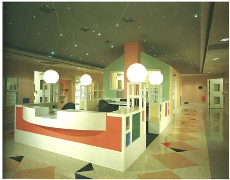门诊街内的“商店”——诊区设计可以各具特点。例如:儿科门诊“店”,(图22)打破以往与成人诊室条件相仿的格局,打开了砖石结构的间壁墙,取而代之以由三角形、圆形、方形等不同拼图组成的色彩缤纷的木制拦板,墙上挂钟猫头鹰的黑眼睛是转动的,玻璃鱼缸里的金鱼在水草中戏游,动听的风铃,电视里播放着动画片《狮子王》,滑梯、电马……都吸引着在这里就医的小天使,他们得到了穿粉色制服的护士阿姨的精心照顾,寓看病于娱乐之中,使患儿留连忘返,以为到了游乐场,情绪放松便于诊治,从而改变了病儿哭闹不止、不配合医疗的无奈就医状况。
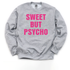 Sports gray crew sweatshirt with bright pink design: get cozy with our Sports Gray sweatshirt adorned with a vibrant bright pink design, that says Sweet But Psycho.
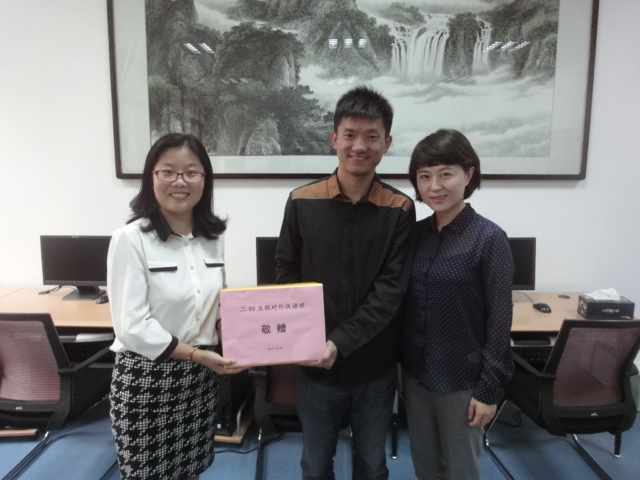 解宝起和赵亚荣代表2005级校友们将一套中华书局珍藏版“四大名著”赠送给博彩体育

◆ Try it:
Omit every picture, then repeat the remaining data exactly as it appears above.

◆ Reply to the task:
门诊街内的“商店”——诊区设计可以各具特点。例如:儿科门诊“店”,(图22)打破以往与成人诊室条件相仿的格局,打开了砖石结构的间壁墙,取而代之以由三角形、圆形、方形等不同拼图组成的色彩缤纷的木制拦板,墙上挂钟猫头鹰的黑眼睛是转动的,玻璃鱼缸里的金鱼在水草中戏游,动听的风铃,电视里播放着动画片《狮子王》,滑梯、电马……都吸引着在这里就医的小天使,他们得到了穿粉色制服的护士阿姨的精心照顾,寓看病于娱乐之中,使患儿留连忘返,以为到了游乐场,情绪放松便于诊治,从而改变了病儿哭闹不止、不配合医疗的无奈就医状况。
 Sports gray crew sweatshirt with bright pink design: get cozy with our Sports Gray sweatshirt adorned with a vibrant bright pink design, that says Sweet But Psycho.
 解宝起和赵亚荣代表2005级校友们将一套中华书局珍藏版“四大名著”赠送给博彩体育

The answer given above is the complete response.